In the township the population was spread out, with 22.3% under the age of 18, 8.0% from 18 to 24, 28.0% from 25 to 44, 26.8% from 45 to 64, and 15.0% who were 65 years of age or older. The median age was 41 years. For every 100 females, there were 102.8 males. For every 100 females age 18 and over, there were 100.7 males.

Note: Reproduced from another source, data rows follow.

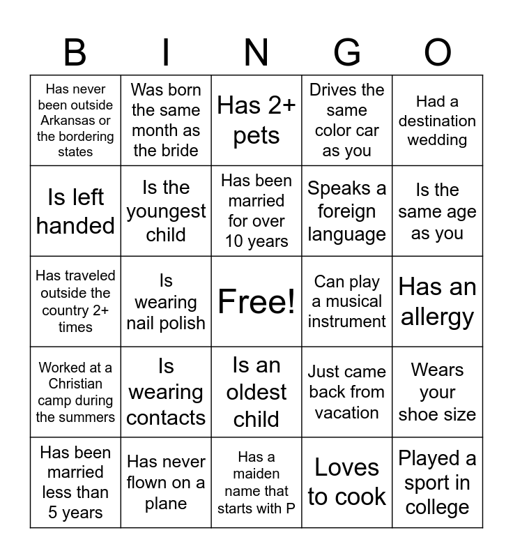 This bingo card has a free space and 25 words: Is wearing contacts, Has a maiden name that starts with P, Has been married for over 10 years, Has been married less than 5 years, Had a destination wedding, Has never been outside Arkansas or the bordering states, Is left handed, Was born the same month as the bride, Can play a musical instrument, Is an oldest child, Speaks a foreign language, Has traveled outside the country 2+ times, Just came back from vacation, Wears your shoe size, Is the youngest child, Doesn't drink coffee, Has an allergy, Has 2+ pets, Is the same age as you, Is wearing nail polish, Played a sport in college, Has never flown on a plane, Worked at a Christian camp during the summers, Drives the same color car as you and Loves to cook.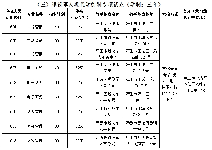 3.退役军人现代学徒制专项试点考生:符合条件的退役军人报考退役军人现代学徒制专项试点计划免文化素质考核,组织实施职业技能考核。职业技能考核满分值100分。拟录取考生的考核成绩不得低于考核满分值的40%,本校依据各教学点各专业的招生计划,根据考生总分由高到低依次录取,在最低录取分数线上录满为止。考生总分相同时,“职业技能考核”成绩高者优先录取。
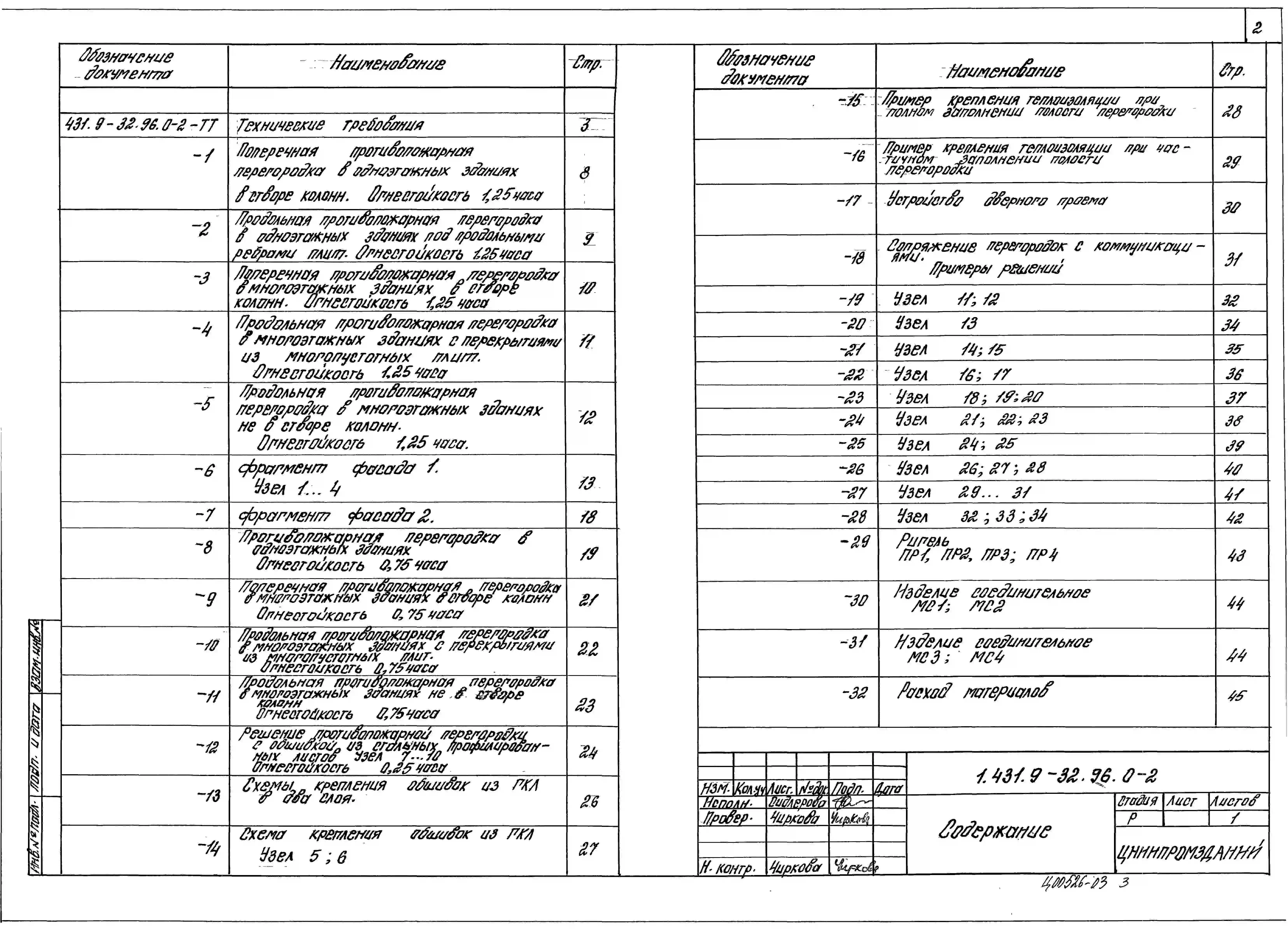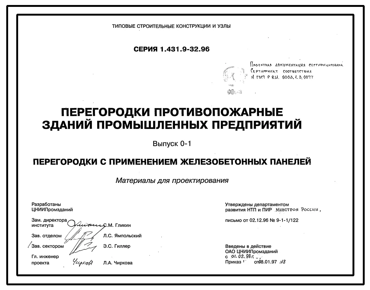 Серия 1.431.9-32.96 Перегородки противопожарные зданий промышленных предприятий. Материал для проектирования и рабочие чертежи.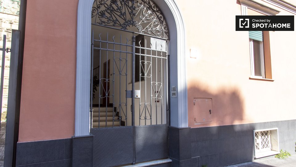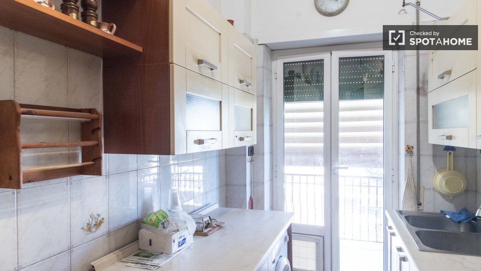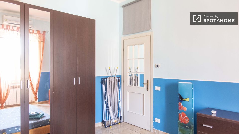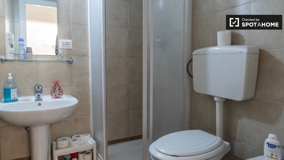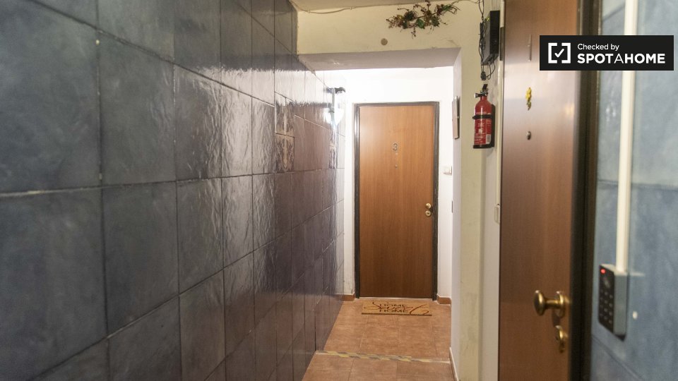 Questa camera in un appartamento condiviso con 2 camere da letto nel quartiere Casal de' Pazzi Ponte Mammolo di Roma offre un'esperienza di vita affascinante e confortevole. Completamente arredato, include comfort come riscaldamento a gas naturale...
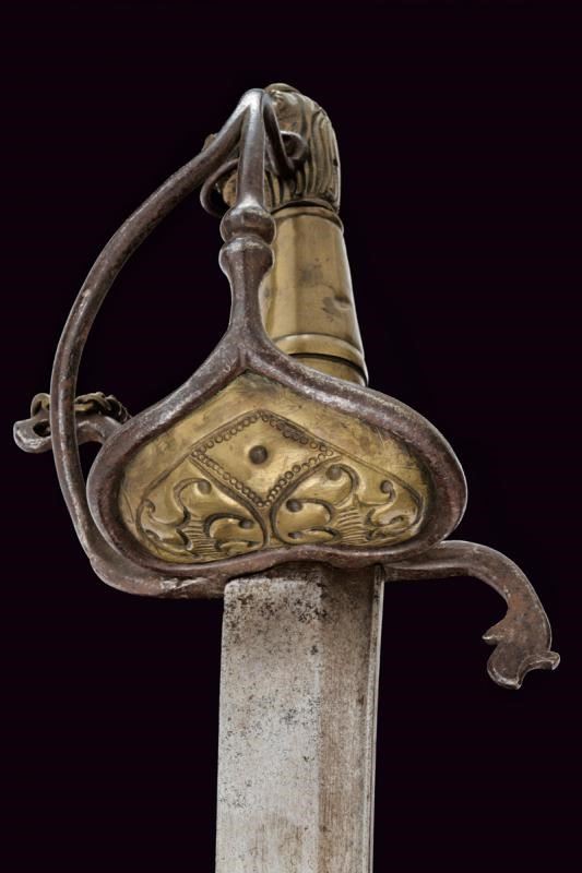 Lama curva a un filo e controfilo con scanalatura dorsale; bel fornimento in ferro ed ottone, elso con bracci a "S", le estremità a testa di leone stilizzata; il bordo della valva, l'anello da pollice e la guardia in ferro; la valva decorata a sbalzo, il pomo intagliato a testa di leone e l'impugnatura liscia con anellatura in ottone al centro. In ottone anche la catenella. Bellissima arma da ufficiale.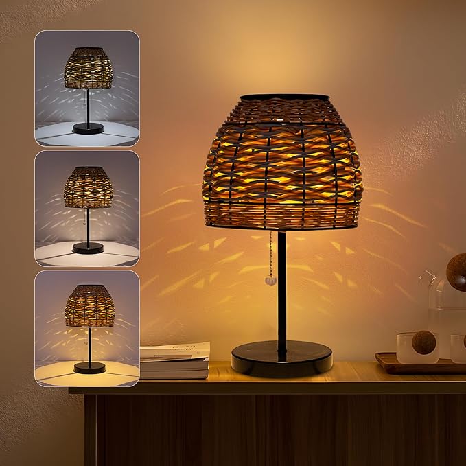 - Boho Rattan Table Lamps--The rattan shade of this table lamp is made of hand-woven, and its natural style blends perfectly into the patio decor, adding a natural feel to your garden. The boho chic solar table lamp is warm and elegant, and fits in with the bohemian/natural/nautical/seaside/coastal style of furniture.MAINLY FOR DECORATION, NOT FOR ILLUMINATION.
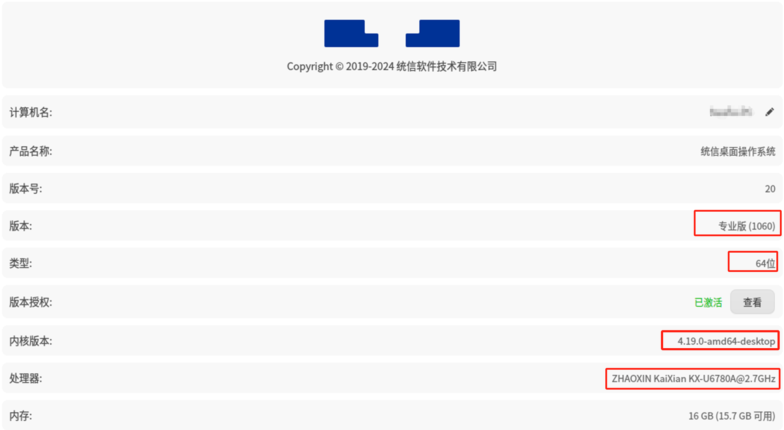 统信桌面操作系统:内核4.19.0-amd64-desktop,专业版(1060)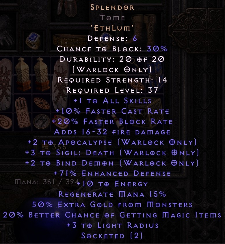 > Splendor is especially interesting for bases that provide something else, i.e. pally shields and even more necro heads. A Splendor with nice + skills can be quite interesting... even if unlikely to be GG.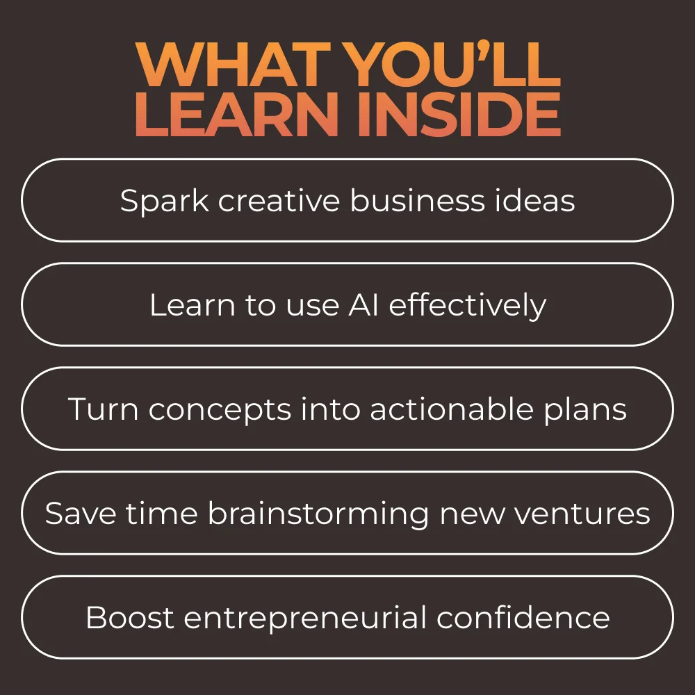 • Practical Guidance: Learn exactly how to use AI for generating business ideas and turn concepts into actionable plans.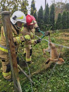 Nietypowa akcja w Dębicy! Strażacy z JRG 2 oraz druhowie z OSP Głowaczowa ruszyli na ratunek… lisowi uwięzionemu w ogrodzeniu z siatki leśnej. Zwierzę, które wplątało się w metalowe druty,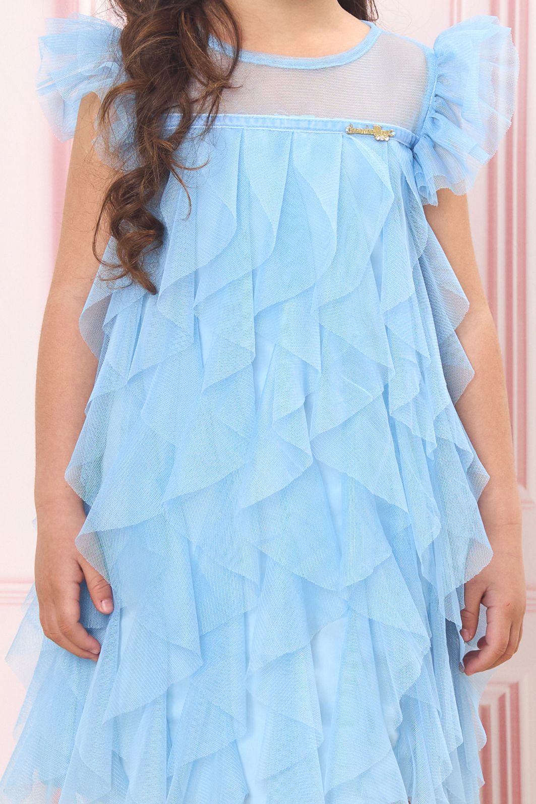 Descrição | O vestido é na cor de azul claro, com um tom suave e encantador, ideal para ocasiões especiais. Confeccionado em camadas de tule, o que dá ao vestido um visual leve, esvoaçante e texturizado. As camadas são dispostas em ângulos sobrepostos, criando um efeito de movimento e volume. A parte do busto possui uma transparência sutil na região do colo, feita de tule, criando um decote discreto e sofisticado. O vestido tem mangas curtas com babados de tule. |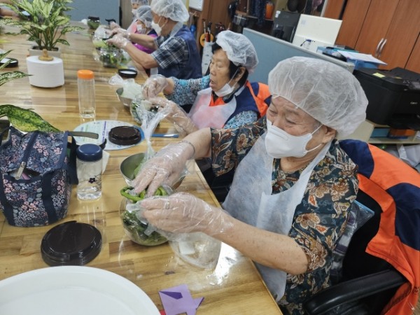 여수시 지원으로 주간보호 이용 어르신을 대상으로 체험활동 건강꾸러미 활동으로 돌산갓물김치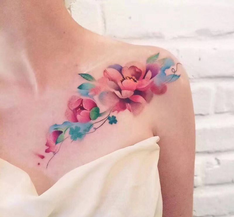 • 女性大花胸纹身_43张霸气漂亮的女性大花胸纹身图案作品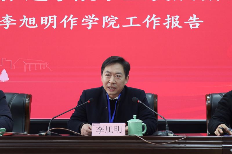 院长李旭明作题为《协力谋发展实干谱新篇——以新作为推进学院事业发展新腾飞》的学院工作报告。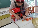 1・2年生がふるさと学習で育てたトマトを使って料理体験学習をしました。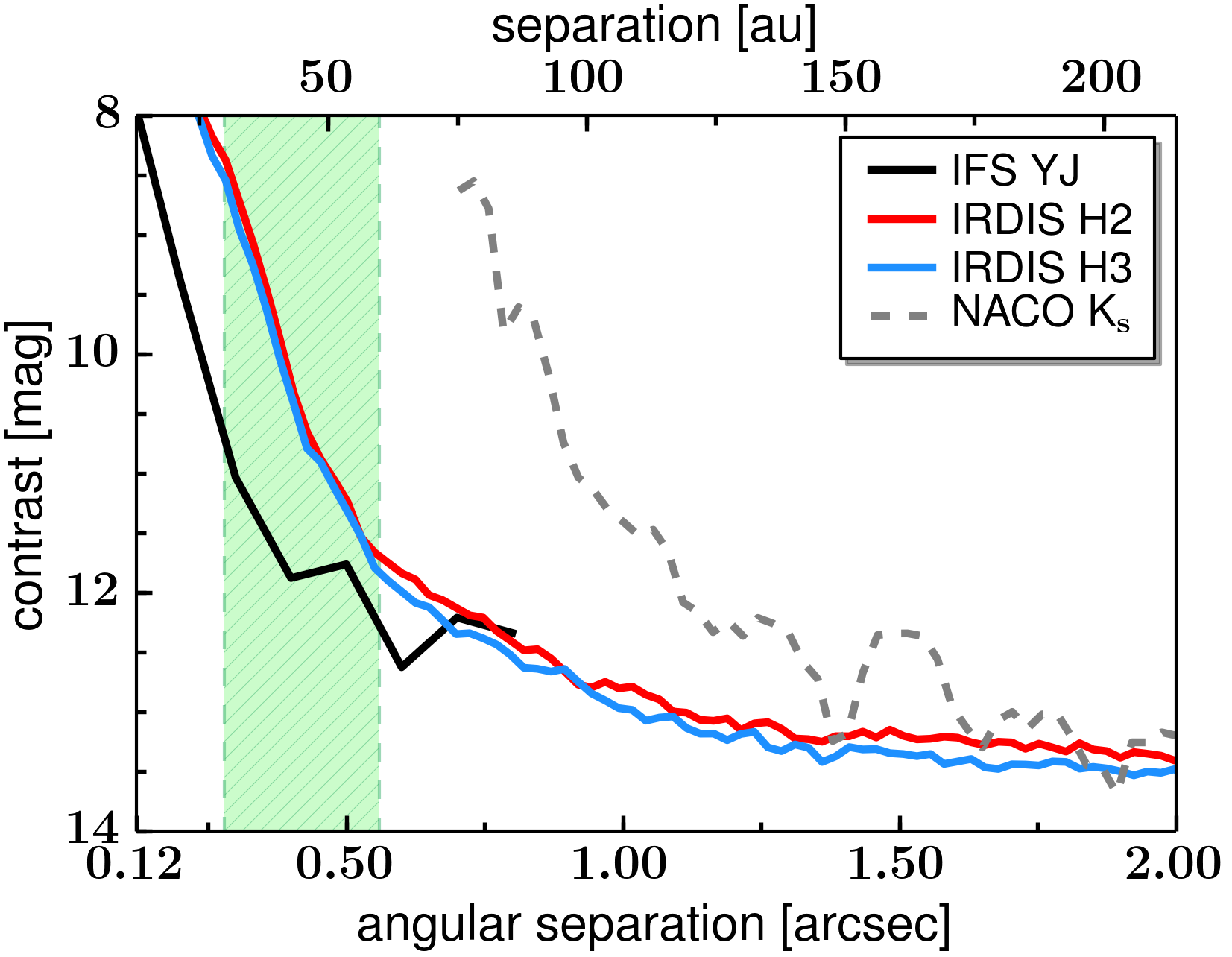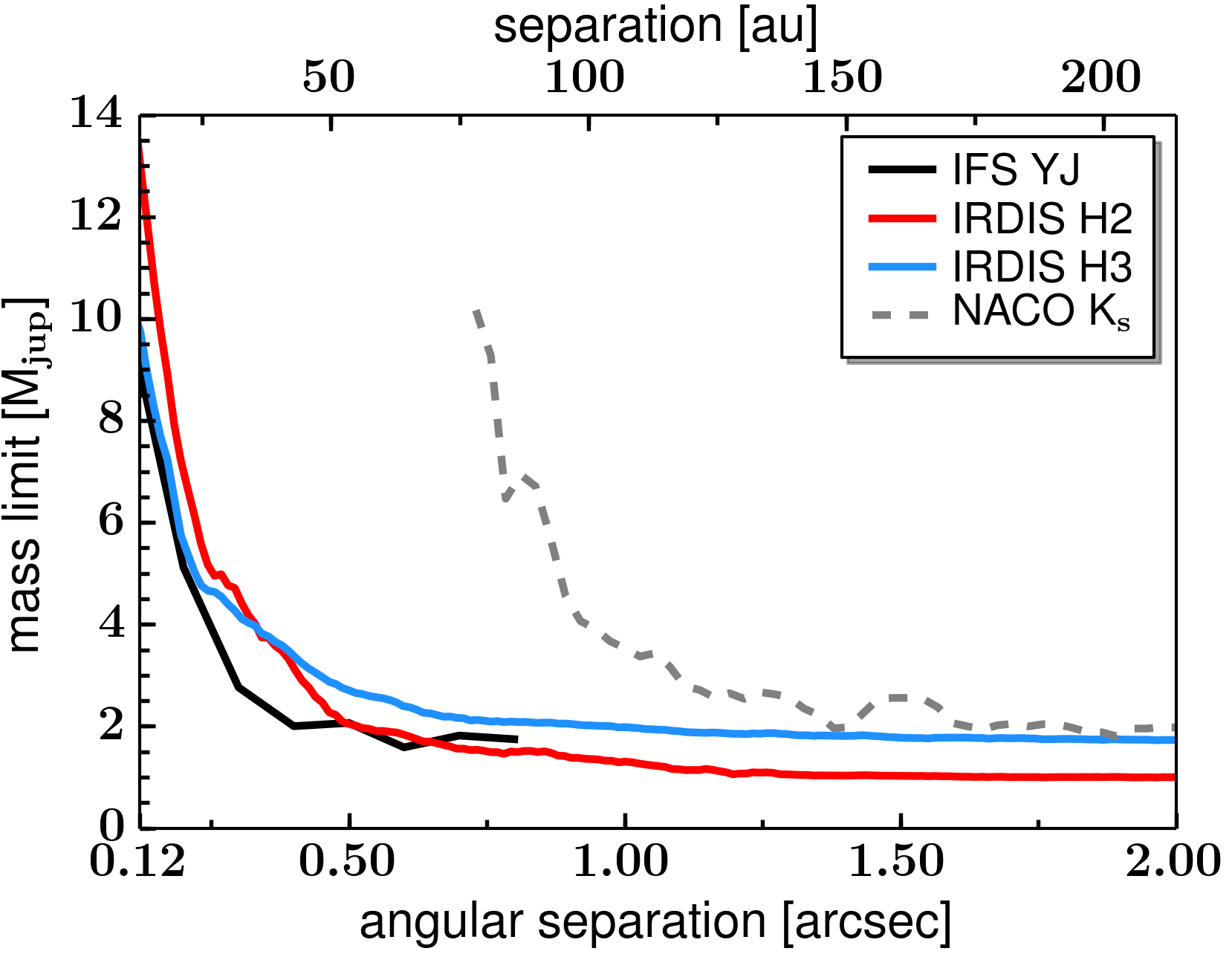 Contrast curves and companion mass limits derived for IFS (black) after applying PCA, and for IRDIS H2 and H3 bands (red and blue, respectively) from the TLOCI reduction (#3). Both curves have a lower cut at 0.̋12. The detection limits from NACO Ks band data are given for comparison (gray dashed line, inner cut at 0.̋7). The green striped rectangle denotes the area for which the contrast values might be slightly affected by the presence of the disk in scattered light.

The median income for a household in the township was $36,734, and the median income for a family was $40,227. Males had a median income of $29,352 versus $22,589 for females. The per capita income for the township was $16,333. About 6.0% of families and 9.7% of the population were below the poverty line, including 17.1% of those under age 18 and 12.7% of those age 65 or over.

Historical population
| Census | Pop. | Note | %± |
| 1850 | 646 |  | — |
| 1860 | 1,079 |  | 67.0% |
| 1870 | 1,124 |  | 4.2% |
| 1880 | 1,282 |  | 14.1% |
| 1890 | 2,643 |  | 106.2% |
| 1900 | 3,816 |  | 44.4% |
| 1910 | 2,813 |  | −26.3% |
| 1920 | 2,352 |  | −16.4% |
| 1930 | 1,520 |  | −35.4% |
| 1940 | 1,857 |  | 22.2% |
| 1950 | 1,708 |  | −8.0% |
| 1960 | 1,590 |  | −6.9% |
| 1970 | 1,548 |  | −2.6% |
| 1980 | 1,943 |  | 25.5% |
| 1990 | 1,939 |  | −0.2% |
| 2000 | 1,931 |  | −0.4% |
| 2010 | 1,926 |  | −0.3% |
| 2020 | 1,893 |  | −1.7% |
| 2023 (est.) | 1,856 |  | −2.0% |
U.S. Decennial Census

==Transportation==
DuBois Regional Airport is located in the township.

==Economy==
When it existed, Crown Airways (Allegheny Commuter) was located in the township.